Picture a fast-food line at lunch rush. Everything has a place; everything moves left to right. You can drop a new person into the fries because the station tells them how to succeed. In most knowledge teams, we drop a new hire into an Airbnb. The oven works. The knives are sharp. But the measuring cups live in a random basket next to the board games. It’s fine for a weekend. It’s chaos for a business.


So what do we do?

  • Start by cleaning your own room. Pick one home for your artifacts and stick to it. Not perfect—predictable. If it’s analysis, it lives in /Projects/<Client>/<Project>/Analysis/. If it’s a decision, it lives in /Projects/<Client>/<Project>/Decisions/ with a date and one-line summary at the top. You don’t need a new tool; you need a visible, boring address.

  • Name a landlord. Make a manager-level owner responsible for the team’s “organizational schema.” Not a corporate data cop—just the person who says where the spatulas go and checks once a week that they’re there. Their job is discoverability: can someone find the last good example in under 30 seconds without asking?

  • Separate process from product. Two homes, two purposes. The process (how we do the work) lives in a single, versioned place: SOPs, checklists, playbooks. The product (the work itself) lives alongside the project: briefs, drafts, decisions, deliverables. New people should never have to guess which is which.

  • Make the read-me mandatory. Every project folder gets a 90-second “read-me”: scope, current status, top links, owner. If you vanish (lottery win, not buses), someone else can cook dinner tonight.

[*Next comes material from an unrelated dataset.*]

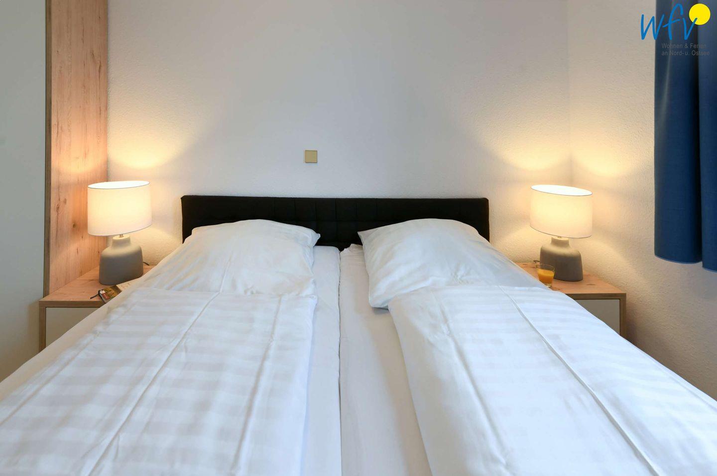 Wunderbare Aufteilungsmöglichkeiten bieten die zwei separaten Schlafzimmer. Im Elternschlafzimmer befindet sich ein Doppelbett, im Kinderzimmer ein Etagenbett. Für die Urlaubsgarderobe gibt es geräumige Kleiderschränke.

  • Ship rituals, not slides. A daily stand-up is great—until it becomes the only place knowledge exists. Use rituals to update the home, not replace it. “If you say it in a meeting, link it in the home.”

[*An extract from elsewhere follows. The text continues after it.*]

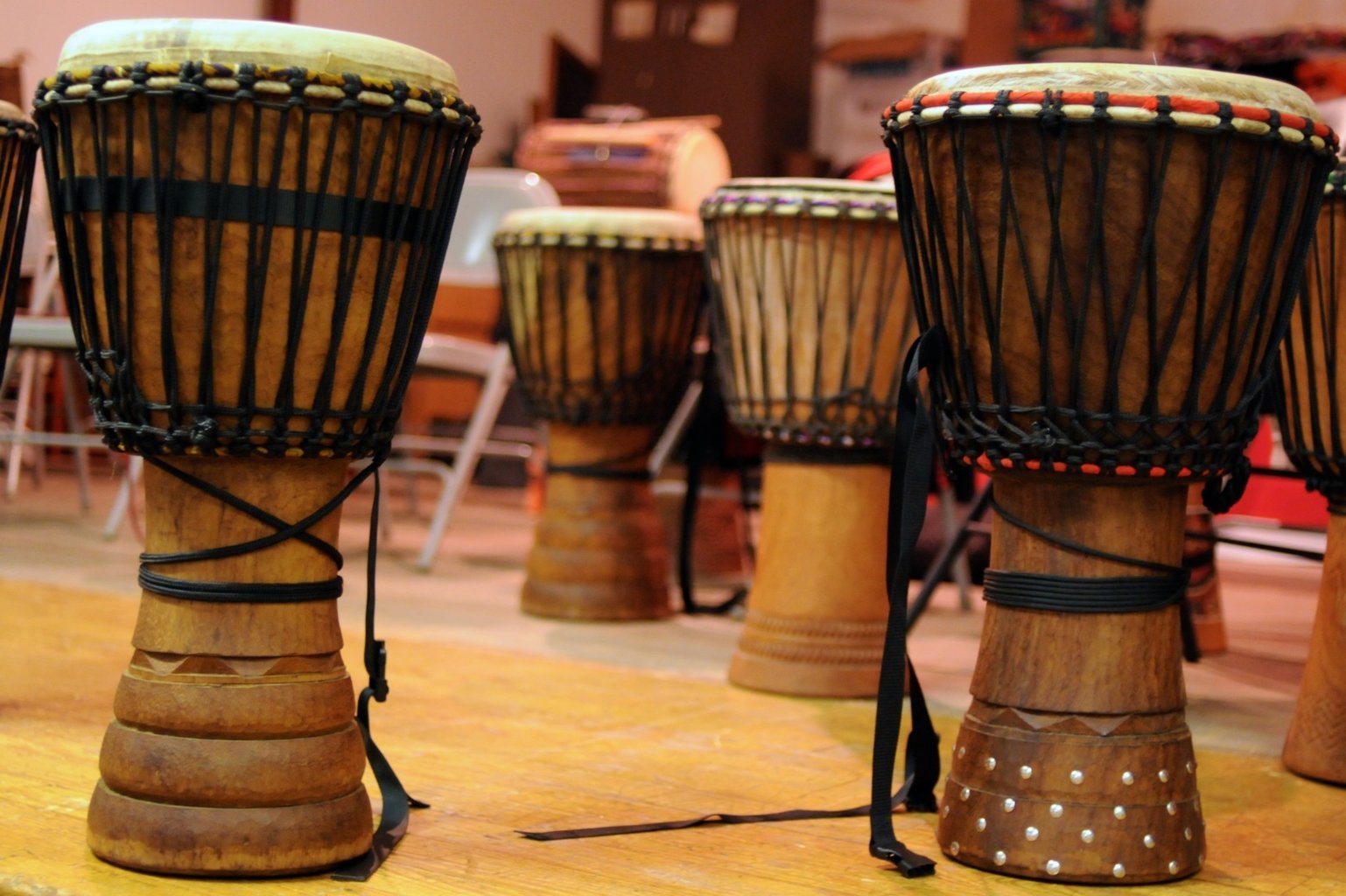 De leerlingen krijgen 3 verschillende workshops aangeboden: djembé, percussie en Afrikaanse dans.

None of this is fancy. It’s the opposite: standard addresses, light ownership, and the discipline to put the pan back in the same drawer. The payoff isn’t just tidiness—it’s flow. Fewer decisions about where something lives means more energy for how we solve it.


Key takeaway: Give every type of work a single, boring, shared home—and a named owner for the map. Discoverability goes up, rework goes down, and your smartest people spend time cooking, not opening drawers.


Process Debt Truth: Work without a home becomes invisible—and invisible work rarely ships.